Comment by maxdamantus
5 months ago
> This is, of course, exactly what Rust does: I am not aware of a single thing that &str allows you to do that you cannot do with &[u8], except things that do require you to assume it's valid UTF-8.
Doesn't this demonstrate my point? If you can do everything with &[u8], what's the point in validating UTF-8? It's just a less universal string type, and your program wastes CPU cycles doing unnecessary validation.
> except things that do require you to assume it's valid UTF-8
That's the point.
But no one has demonstrated an actual operation that requires valid UTF-8. The reasoning is always circular: "I require valid UTF-8 because someone else requires valid UTF-8".

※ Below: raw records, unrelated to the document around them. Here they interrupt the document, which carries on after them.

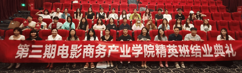 6月19日下午,万画影城3号厅内星光熠熠,电影商务产业学院第三期精英班结业典礼在此隆重举行。电影商务产业学院副院长张云潇、万画影城总经理兼电影商务产业学院副院长杨磊、北京精彩时间文化传媒有限公司西南总监肖异女士以及电影商务产业学院全体师生共襄盛举,共同见证这一意义非凡的时刻。
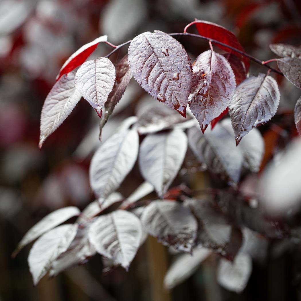 Description: Prunus cerasifera 'Nigra' is a neat round headed tree producing myriads of small pale pink flowers in late February and early March. The leaves are small and very dark purple, turning a brighter red in the autumn before falling.
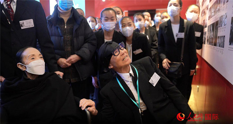 松山芭蕾舞團總代表清水哲太郎、團長森下洋子(前二)率青年代表團一行在中央芭蕾舞團參觀。人民網記者 袁蒙攝
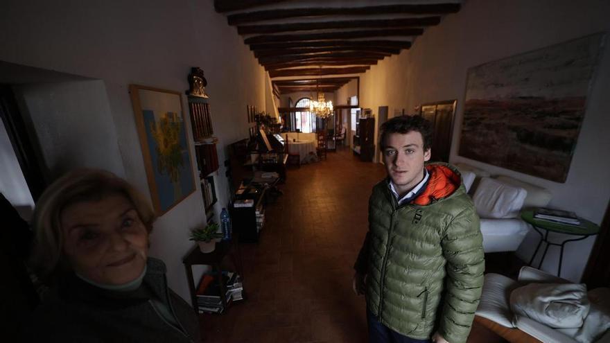 Ernestina Torelló, presidenta de las bodegas, junto a su nieto Paco, en la masía familiar, junto al lugar del accidente. /

Eventually there should be an underlying operation which can only work on valid UTF-8, but that doesn't exist. UTF-8 was designed such that invalid data can be detected and handled, without affecting the meaning of valid subsequences in the same string.
> UTF-8 was designed such that invalid data can be detected and handled, without affecting the meaning of valid subsequences in the same string.
But there is not a canonical response to invalid data. So literally every operation that might need to make a choice of what to do when presented what invalid data should either (a) accept a parameter asking what to do on error and potentially fail or (b) take a parameter type that forces errors to be handled in advance.